Actually, yes, there is a cap or two. Bear in mind that everything runs on something physical. For memory chips, the cap is usually bundled into feature size. Essentially, the smaller it is, the faster it runs, but also the more likely it will have problems or not work at all. Feature size as well as materials determine voltage as well. All memory chips basically rely on density and voltage to improve performance.

I think the biggest reason for that is that most money can be made by slowing innovation and progress. If they build 1GB/s+ and 100k IOps+ SSDs now then there's no (real) reason for you to want more. They could achieve that performance with the same NAND chips in the original Intel X25-M G1 controller (50nm) - just with another controller chip.

Doubtful. SSD's are not at the point of diminishing returns, yet. If a company could produce chips + controller that double what's on the market now at the same price point, they would have done it in a heartbeat. It would essentially wipe out all other competition.
Besides, think of it this way: if the memory chip itself has that much performance, then why do controller chips use multiple data channels?

When used in a server environment, you don't get hot swap since they're plugged right into the PCIe slots, so you have to go with full machine redundancy. This has pros and cons.

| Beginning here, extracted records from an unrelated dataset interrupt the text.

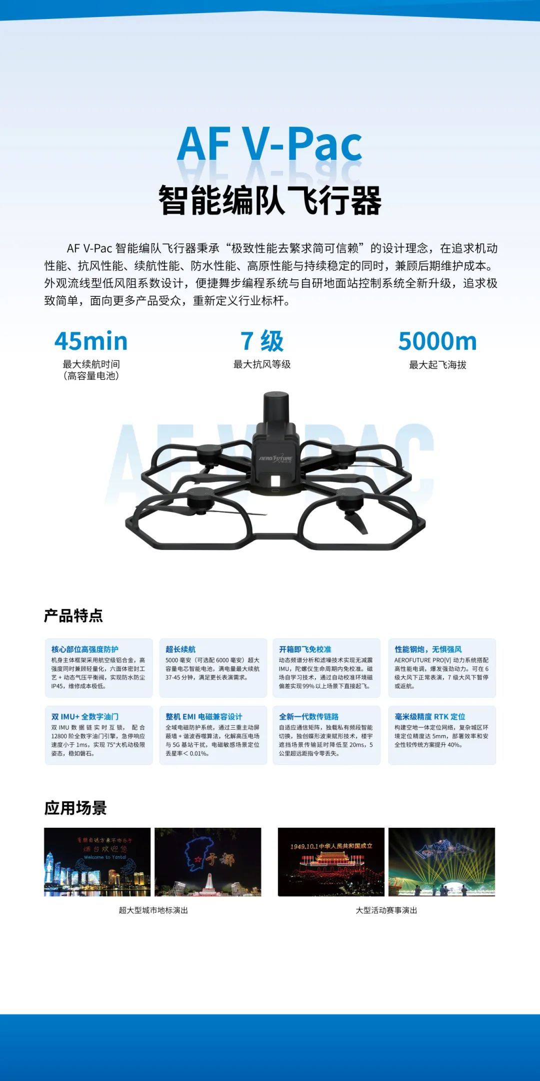 关于空中未来集团有限公司进入企业商铺空中未来( Aero Future )成立于2016年,总部位于南昌市高新区,在北京、深圳、东莞、九江等地有子公司。我们领航低空经济发展,筑基航空产业集群,致力于提供领先的有人机&无人机应用解决方案与定制化飞行服务。以推动航空应用在公共安全、智慧城市、娱乐媒体、生态环境、应急救援、建筑工程、教育培训、私人航空娱乐消费等不同领域中的深度应用为己任,帮助用户解决问题、创造价值。 空中未来现拥有数十项航空器相关专利及软件著作权,是国家高新技术企业、AAA级诚信企业,于2021年获得“最大的由无人机形成的光源影像”吉尼斯世界纪录证书(有效认证无人机编队飞行数量5184架)。 我们的使命与愿景是 “探索低空领域前沿应用,革新行业发展〞。公司依托自身优勢,携手全球合作伙伴,聚焦用户需求,不断创新“行业+航空” 解决方案,引领行业革新作业方式。
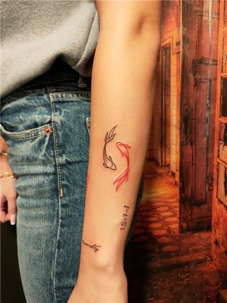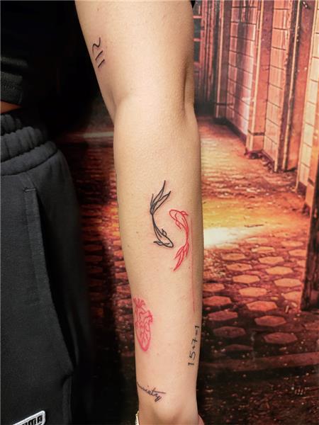 Kırmızı Siyah Minimal Koi Balığı Dövmesi / Red and Black Minimal Koi Fish Tattoos
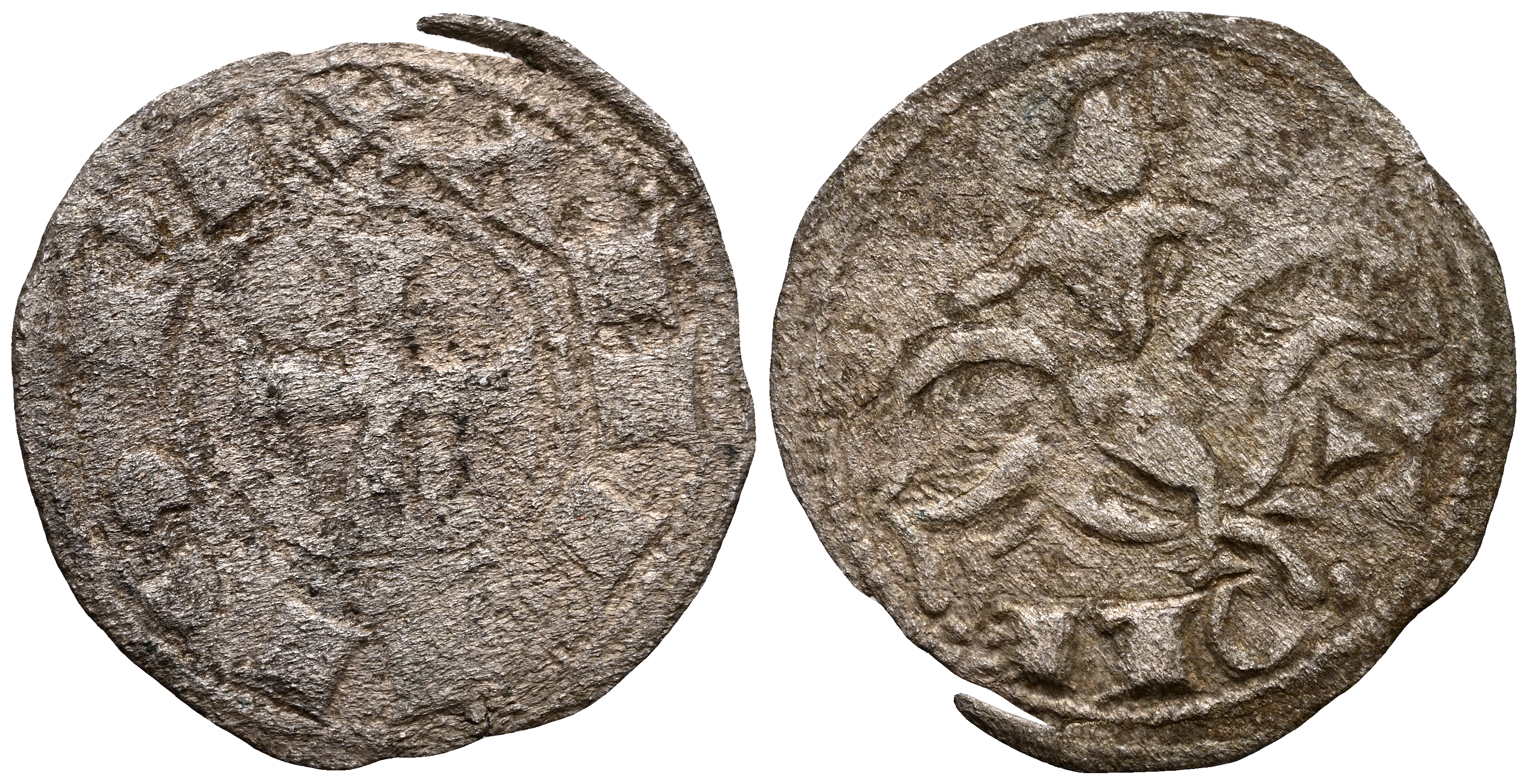 ALFONSO VIII (1158-1214). Dinero. (Ve. 0,60g/17mm). Posiblemente Toledo. (MMM A8:38.27; FAB-179). Anv: Cruz patada con creciente en 3º cuadrante, alrededor leyenda: ANFVS REX. Rev: Jinete a derecha con palma, entre las patas leyenda: TOLE. MBC-. Muy raro ejemplar.

Just pointing out that in a server, you can hot swap PCI-E cards. It's built into the specification, though requires proper implementation. For the right price, every single part in a server can be hot swapped.

 

[sub.mesa]

Actually, yes, there is a cap or two. Bear in mind that everything runs on something physical.

Yes, and you say SSDs scale because the NAND gets smaller and faster, i say that SSDs scale mostly because of controller innovations, not because of faster NAND chips.

Hence my argument that with a new controller chip but the same 50nm NAND on Intel G1 SSDs, you could build an incredibly fast SSD. Thus, the key factor in SSD performance is the controller, not the physical NAND.

That's all because of fundamental differences: HDDs are serial devices; they can only really do one thing at a time and thus the controller isn't terribly important; you won't find huge performance differences between a Samsung or Seagate drive regarding firmware; simply because there is not much theoretical headroom to allow for such performance increase.

However SSDs don't have this problem, and can let multiple flash memory chips work in parallel. This they already do, the Intel has 10 channels. This works pretty much like RAID0 does, and it's why the controller is so much more important than the actual speed of the NAND.

Now the controller likely is a bottleneck too, it may have limited processing power and was designed to suit the bandwidth limitations of its interface. If we would assume a 'perfect' controller with the same NAND as Intel SSDs, it's not hard to imagine using more channels, so we get something like:

5 channels: ~200MB/s (X25-V 40GB)
10 channels: 400MB/s (X25-M in reality ~260MB/s)
20 channels: 800MB/s
40 channels: 1.6GB/s
80 channels: 3.2GB/s

That's all with the same speeds and same technology as Intel already uses, just more channels. This would need firmware tweaks as well and likely will be a massive controller. But i just wanted to make a point here: it's the controller that is key to performance, less so the physical NAND.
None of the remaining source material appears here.